Le motif directeur était le désir de combiner des éléments de la musique folklorique polonaise de la région de Mazowsze avec des concepts rythmiques indiens. C’était une sorte de risque, mais un risque qui valait la peine d’être pris. Une grande inspiration était Tigran Hamasyan, qui combine la musique ethnique arménienne avec des rythmes modernes. Comme je suis polonais, j’ai pensé que je devais montrer quelque chose de mon pays. J’ai analysé intensivement les mazurkas polonaises du point de vue rythmique et mélodique et je suis arrivé à des conclusions intéressantes, que l’on peut entendre sur l’album.

- Quels musiciens avez-vous invités à collaborer à ce projet et pourquoi ?

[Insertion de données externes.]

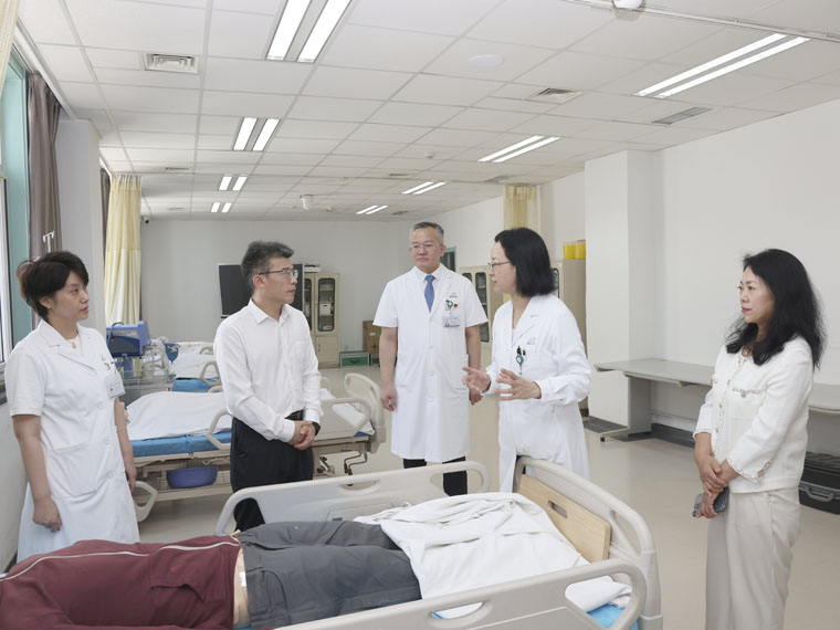 在病理科,校领导详细了解河北省数智病理中心的建设进程,以及病理诊断工作的开展情况,对我院在精准诊断方面所做的努力和前沿布局给予肯定。在肾内科,校领导考察了河北省血液净化质控中心的运行情况,关切询问了透析患者的治疗保障及中心的质量管理体系。在教学楼,校领导参观了技能培训室、学生宿舍等,仔细查看了培训设施配置、教学计划执行等情况。

Sur l’album, vous pouvez entendre : Shachar Elnatan (guitare, chant), Michał Tokaj (piano, Fender-Rhodes), Łukasz Żyta (batterie), Bodek Janke (tabla), Kuba Więcek (synthé OP-1, saxophone alto), Kacper Malisz (violon), Joachim Mencel (vielle à roue), Olga Stopińska (chant), Jan Smoczyński (accordéon), Dziadek Tadek (récitation). Ces musiciens sont mon line-up de rêve, car ils sont capables de combiner différents concepts que j’avais en tête. En même temps, ils sont capables de jouer à la fois des rythmes de jazz complexes et des musiques ethniques de différentes parties du monde.

- Où pourrons-nous découvrir ce projet en concert ?

Pour le moment, nous avons 4 concerts cette année en Pologne. Entre autres au Sopot Jazz Festival, où nous nous produirons devant Shai Maestro. Nous prévoyons d’organiser d’autres événements l’année prochaine, peut-être en Allemagne et dans d’autres pays.

- Avez-vous des frères ou des sœurs ?

J’ai deux frères plus jeunes.

- Quel genre de musique écoutez-vous en privé ?

J’écoute beaucoup de jazz et beaucoup de « musique du monde », ainsi que du RNB, du hip-hop et de la musique classique.

- Pizza ou pâtes ?

Les pâtes !

- Quelle est la plus belle vue pour vous ?

La vue sur les hauts sommets des montagnes - Tatras, Alpes….

- Que faites-vous le dimanche lorsque vous ne jouez pas de musique ?

Je lis des livres sur la géopolitique et je passe du temps avec ma femme et nos trois enfants.

- Votre boisson préférée ?

Voulez-vous dire de l’alcool ? Si oui, c’est la bière la plupart du temps. Ma préférée est la Pilsner, surtout tchèque et allemande.